Maybe some parts of the Components chapter are also interesting.
In general it isn't so difficult and it's probably simply new for you because it's similar to normal C++ programming but you have to take care of some special requirements. The whole API is defined in IDL. The IDL type definitions are translated into a binary representation (type library, rdb). For C++ you have to generate header files for the types you will need in your program. That is done with the cppumaker tool. You can simply generate all header with:
cppumaker -BUCR -O.\<myheader_or_whatever> <office_program_dir>\types.rdb

Prepare your compiler to include the <myheader_or_whatever> directory and include the necessary types in your example (see SDK examples)

To bootstrap UNO and start an office automatically you should use the simple bootstrap mechanism (see for example the TestCppComponent.cxx example in <sdk>\examples\DevelopersGuide\Components\CppComponent.

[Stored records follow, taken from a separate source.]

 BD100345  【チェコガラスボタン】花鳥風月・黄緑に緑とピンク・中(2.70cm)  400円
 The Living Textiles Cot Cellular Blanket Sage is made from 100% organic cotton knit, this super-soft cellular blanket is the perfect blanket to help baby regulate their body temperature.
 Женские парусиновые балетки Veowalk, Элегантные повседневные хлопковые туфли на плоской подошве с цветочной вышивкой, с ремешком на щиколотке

Build your binary normally, rename it to _mybinary, copy the unoapploader binary from <sdk>\platform\bin in the same directory of your binary and rename it to mybinary. The renamed unoapploader binary prepare an environment for your binary and starts your binary automatically. The bootstrap function will automatically start the default office and return the global component context from the office which you can use for all further API stuff in your application (see the examples)


Juergen

Pierre-André wrote:
Hi all,

I am having problems building some code. What I do not understand is the steps needed for the code to give a program : when to link the program, what is the rdb file used for, when to compile and with which options and dependencies ?

I would like to create a main() program. This program would call an object "MyObject". This Object would encapsulate all the code related to the OpenOffice API. A sample of what the code looks like is given below.

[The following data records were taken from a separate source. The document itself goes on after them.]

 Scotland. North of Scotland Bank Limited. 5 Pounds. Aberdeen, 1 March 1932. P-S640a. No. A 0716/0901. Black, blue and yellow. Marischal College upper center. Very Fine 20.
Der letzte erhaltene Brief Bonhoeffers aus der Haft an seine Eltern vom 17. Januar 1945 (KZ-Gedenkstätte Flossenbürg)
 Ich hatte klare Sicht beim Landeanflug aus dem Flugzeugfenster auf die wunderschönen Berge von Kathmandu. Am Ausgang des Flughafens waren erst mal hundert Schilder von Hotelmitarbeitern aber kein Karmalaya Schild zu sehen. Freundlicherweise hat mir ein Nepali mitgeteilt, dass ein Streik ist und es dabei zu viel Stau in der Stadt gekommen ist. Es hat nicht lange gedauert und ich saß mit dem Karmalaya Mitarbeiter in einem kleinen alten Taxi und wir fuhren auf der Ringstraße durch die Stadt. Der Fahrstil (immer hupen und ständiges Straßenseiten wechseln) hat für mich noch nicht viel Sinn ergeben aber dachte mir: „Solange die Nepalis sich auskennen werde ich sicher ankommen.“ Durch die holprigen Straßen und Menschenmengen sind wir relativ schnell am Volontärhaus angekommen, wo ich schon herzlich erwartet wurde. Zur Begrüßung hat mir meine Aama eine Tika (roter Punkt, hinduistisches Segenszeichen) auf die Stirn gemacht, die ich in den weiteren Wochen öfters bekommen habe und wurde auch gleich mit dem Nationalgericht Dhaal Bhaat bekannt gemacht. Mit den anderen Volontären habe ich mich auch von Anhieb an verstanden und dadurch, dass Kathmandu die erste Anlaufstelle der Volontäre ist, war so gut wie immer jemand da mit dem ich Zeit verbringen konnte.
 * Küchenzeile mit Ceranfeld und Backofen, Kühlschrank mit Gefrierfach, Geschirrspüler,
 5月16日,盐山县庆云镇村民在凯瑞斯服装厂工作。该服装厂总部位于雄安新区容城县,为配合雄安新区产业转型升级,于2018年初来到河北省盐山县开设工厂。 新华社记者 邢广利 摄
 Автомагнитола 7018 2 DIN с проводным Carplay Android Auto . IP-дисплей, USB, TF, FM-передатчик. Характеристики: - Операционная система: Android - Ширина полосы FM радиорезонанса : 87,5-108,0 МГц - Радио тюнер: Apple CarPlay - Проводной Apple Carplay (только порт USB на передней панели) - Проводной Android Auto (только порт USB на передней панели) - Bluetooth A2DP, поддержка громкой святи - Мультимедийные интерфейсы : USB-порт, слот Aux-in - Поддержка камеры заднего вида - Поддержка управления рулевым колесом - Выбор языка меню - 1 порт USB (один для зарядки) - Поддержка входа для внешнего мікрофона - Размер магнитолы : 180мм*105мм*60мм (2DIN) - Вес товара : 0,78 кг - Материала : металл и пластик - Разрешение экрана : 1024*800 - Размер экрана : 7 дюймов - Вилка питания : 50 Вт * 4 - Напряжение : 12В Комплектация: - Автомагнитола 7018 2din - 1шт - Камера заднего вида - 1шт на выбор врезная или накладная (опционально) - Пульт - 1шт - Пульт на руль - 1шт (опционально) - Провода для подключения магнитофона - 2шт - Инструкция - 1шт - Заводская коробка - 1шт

The problem is that I do not really know how things must be done, and thus getting the program to compile is really difficult. Is there any documentation about this ? Because, in the doc, it explains it for doing components, but not how to use it from outside !

Thanks,
Pierre-André

- main.cxx

#include "my_object.h"

int
main()
{
    my_object u;
    std::string s = "Yop";
    u.myfunc( s );
    return 0;
}

- my_object.h

class MyObject
{
  public :
      // Constructor. Connects itself to an OpenOffice's instance.
      MyObject();
// Does something
      void myfunc( const std::string &s );

};


- my_object.cpp


// Some includes

#include <cppuhelper/bootstrap.hxx>
#include <com/sun/star/lang/XMultiServiceFactory.hpp>
#include <com/sun/star/frame/XComponentLoader.hpp>

using namespace com::sun::star::uno;
using namespace com::sun::star::lang;
using namespace com::sun::star::frame;
using namespace rtl;
using namespace cppu;

using namespace std;


// Constructor.
MyObject::MyObject()
{
        // connect to OpenOffice instance using UNO API.
        // some code.
        Reference< XComponentContext > xContext( ::cppu::bootstrap() );
        ...     
}


void MyObject::myfunc( const std::string &s )
{
    cout << "s = " << s << endl;
}


---------------------------------------------------------------------
To unsubscribe, e-mail: [EMAIL PROTECTED]
For additional commands, e-mail: [EMAIL PROTECTED]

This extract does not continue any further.